"""

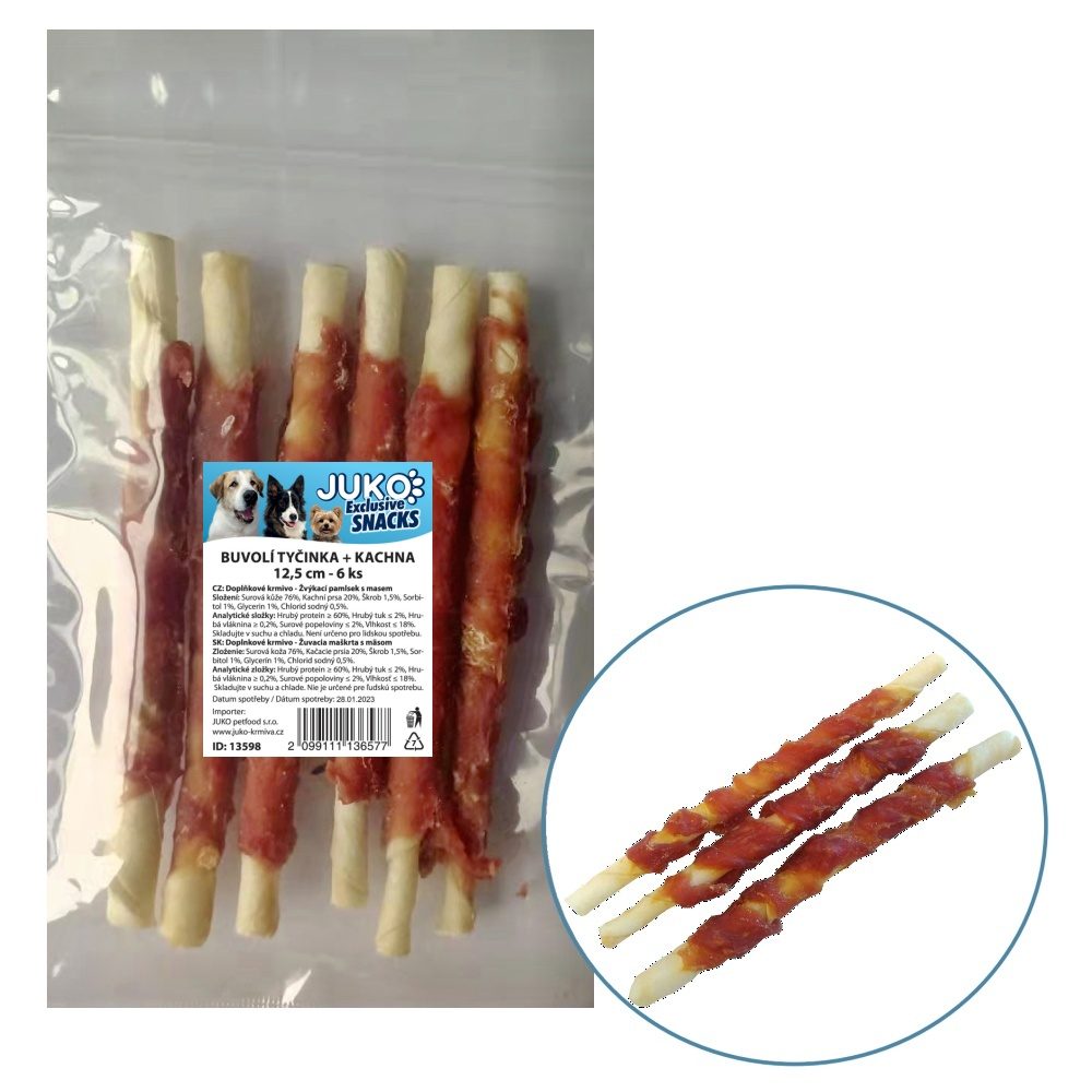 Skvělá pochoutka ve tvaru tyčinky, která uspokojuje přirozenou touhu a potřebu žvýkat. Tyče jsou z tvrdé bůvolí kůže, což při žvýkání napomáhá udržovat zuby silné a zdravé. Delikatesní chuť zajistí sušené kachní maso.
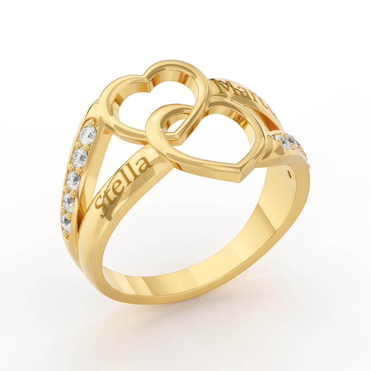 Personalized Interlocking Hearts Ring with Stones
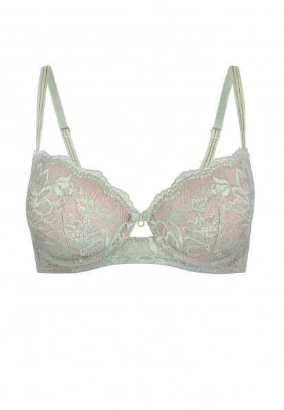 Бюстгальтер со съемными подушечками пуш-ап на косточках. Внутренняя часть чашки дублирована хлопком. Перекрест деталей из микрофибры и кружева на боковой панели скрывает проблемные зоны в области. Круглая комфортная спинка. Широкий размерный ряд.
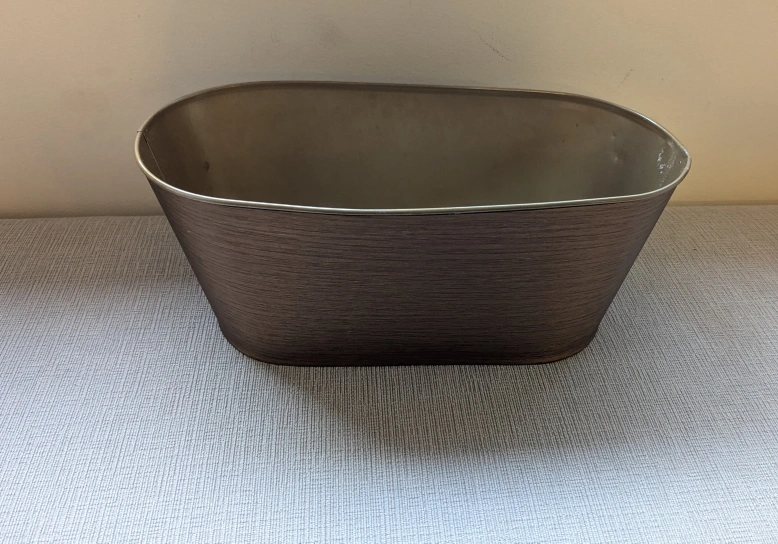 Dark brown metal planter. Oval shape. Good for indoor or outdoor use. Perfect for small plants or flowers.

"""

▸ **ACTIVITY**: Reproduce the data exactly, please, and omit its pictures.

▸ **OUTPUT OF THE TASK**:
 Skvělá pochoutka ve tvaru tyčinky, která uspokojuje přirozenou touhu a potřebu žvýkat. Tyče jsou z tvrdé bůvolí kůže, což při žvýkání napomáhá udržovat zuby silné a zdravé. Delikatesní chuť zajistí sušené kachní maso.
 Personalized Interlocking Hearts Ring with Stones
 Бюстгальтер со съемными подушечками пуш-ап на косточках. Внутренняя часть чашки дублирована хлопком. Перекрест деталей из микрофибры и кружева на боковой панели скрывает проблемные зоны в области. Круглая комфортная спинка. Широкий размерный ряд.
 Dark brown metal planter. Oval shape. Good for indoor or outdoor use. Perfect for small plants or flowers.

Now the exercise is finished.